Main Energy Market Highlights 2021:

  • The global electricity demand increased 6% in 2021 vs. 2020, the highest increase since the financial crisis in 2010. China and India were the leading this growth. 
  • The IEA projects that the global electricity demand will grow 2.7% p.a. for the next few years. And the growth will be met mainly due to increasing renewable capacities. The demand is slowing down after 2022 as the post-Covid recovery effects disappear.

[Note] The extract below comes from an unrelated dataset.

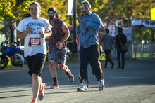 Zombies Tyler Lloyd, of South Jordan, and Cameron Romine, of Eagle Mountain, run during the Dawn of the Running Dead 5K race at the Utah State Fairpark Saturday October 18, 2014.
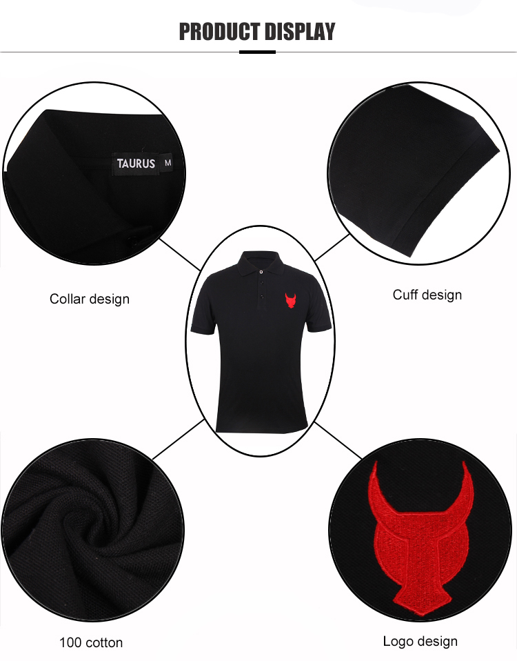 black polo shirt mens sizes from S to 3XL,red embroidery logo, white labels for neck or washing labels,100%polyester pique, bottom slit.

  • Despite unfavorable weather conditions, absolute growth in renewable electricity generation was the highest in history (up 6%). In the future, IEA projects renewable generation to grow 8% p.a, wherein has 1/3 of the world’s electricity is supplied by renewable energy in 2024
  • The greater need for coal and natural gas generation in 2021 pushed wholesale electricity prices higher. Coal met more than half of the increase in global demand.
  • As a result of the increase in fossil fuels power generation, CO2 emissions from electricity increased by over 7%, reaching a new high. And the emission is projected to remain the same over the next few years
  • Gas prices rose substantially from the end of 2020 to the second half of 2021, outpacing the rise in coal costs. As a result, the high gas-to-coal switching rate throughout 2021 led to higher demand for the EU ETS carbon allowances in Europe. Coal Power generators need to buy EU CO2 allowances to offset their GHG footprint. This trend supported the increase in carbon emissions costs in 2021. 

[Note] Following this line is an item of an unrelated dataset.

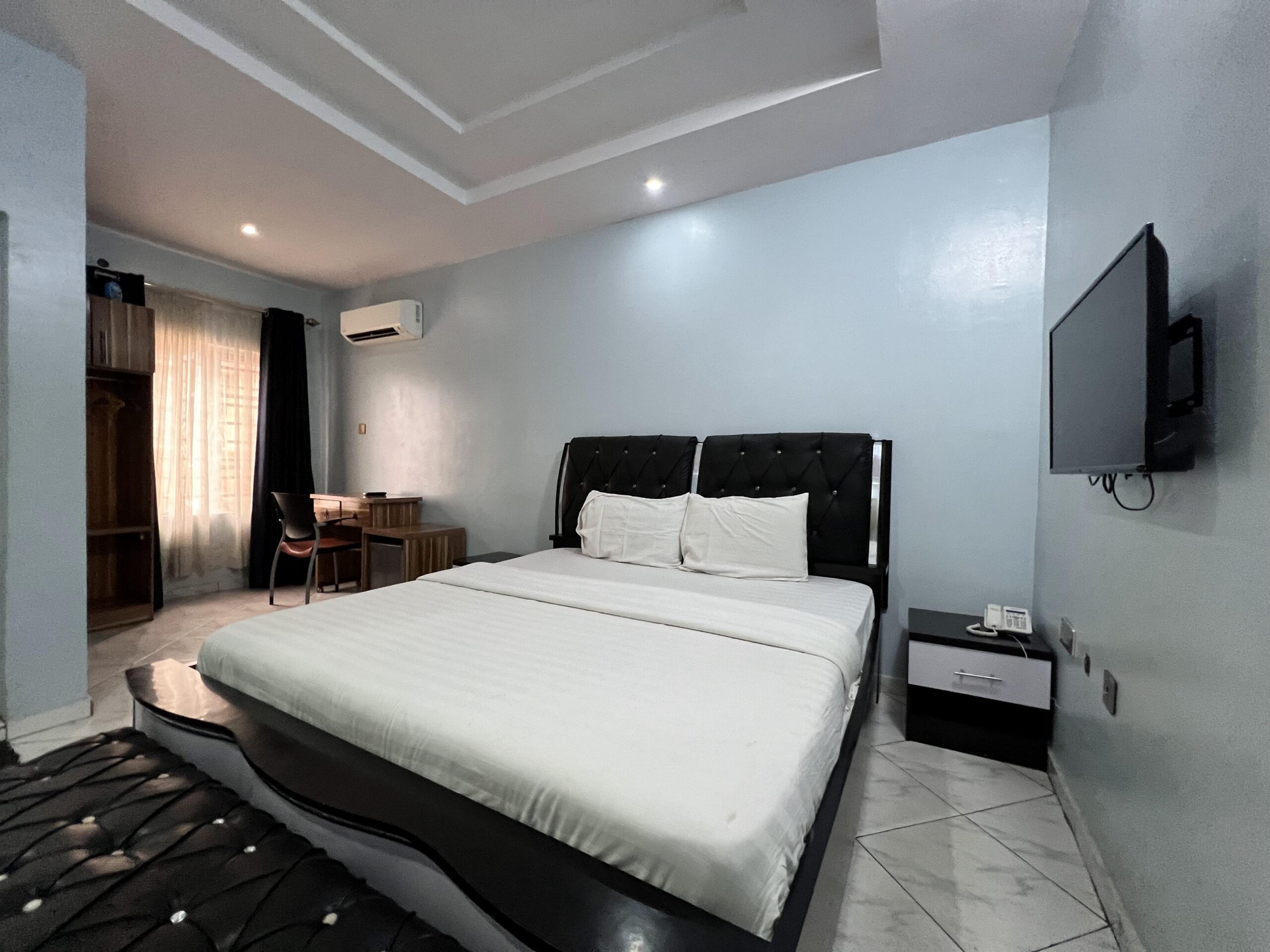Experience luxury redefined in our Premium Room, featuring exquisite furnishings and deluxe amenities for a memorable stay · Book Now +234 809 111 0486 | +234 803 246 0061 · Address: 91 Isiba Oluwo Street, off Orelope St, Egbeda 100269, Lagos

  • Due to higher emission costs and commodity prices, in the fourth quarter of 2021, average wholesale electricity costs were more than four times higher than the average from 2015 to 2020.
  • The IEA sees European electricity prices for the Cal22-24 -5% less expensive on average than those in 2021. Average power generation costs of gas-fired and forecasted to be around 100-130 EUR/MWh on average in Europe. Gas Power plants are also expected to play a more significant role in the energy system flexibility.
  • High coal imports from China and India and reduced coal exports from Indonesia and Australia are other factors of the high electricity price in 2021. China and India rely 60% to 70% on coal in their electricity generation mix. At the same time, domestic coal production was reduced in 2021 due to heavy rains. The power supply did not keep pace with rising demand.
  • The industrial sector accounts for 60% of China’s electricity consumption and nearly 40% of India’s. Summer 2021 temperatures in China were more extraordinary than usual, especially in September, when monthly cooling degree days exceeded average values for 2010-2020 by 30%. Increased cooling demand put further strain on the already tight system.
  • Various governments made the first moves toward implementing carbon pricing tools in their electrical sectors in 2021. Ukraine stated its desire to build an ETS in 2025 to eventually link it to the EU ETS. Other states around the world are also considering introducing different market/tax-based schemes to fight the GHG emission
  • China, Japan, Korea, and the G20 promised to stop providing money for new coal power generation abroad by the end of 2021. Moreover, at COP26, several banks and financial institutions pledged to stop funding coal.
  • Extreme weather conditions in 2021 caused significant disruption in the power generation sector. For example, due to near-record low water levels at key dams, Brazil called for demand response measures in September to preserve energy. The risk of climate hazards to remain high in the coming years.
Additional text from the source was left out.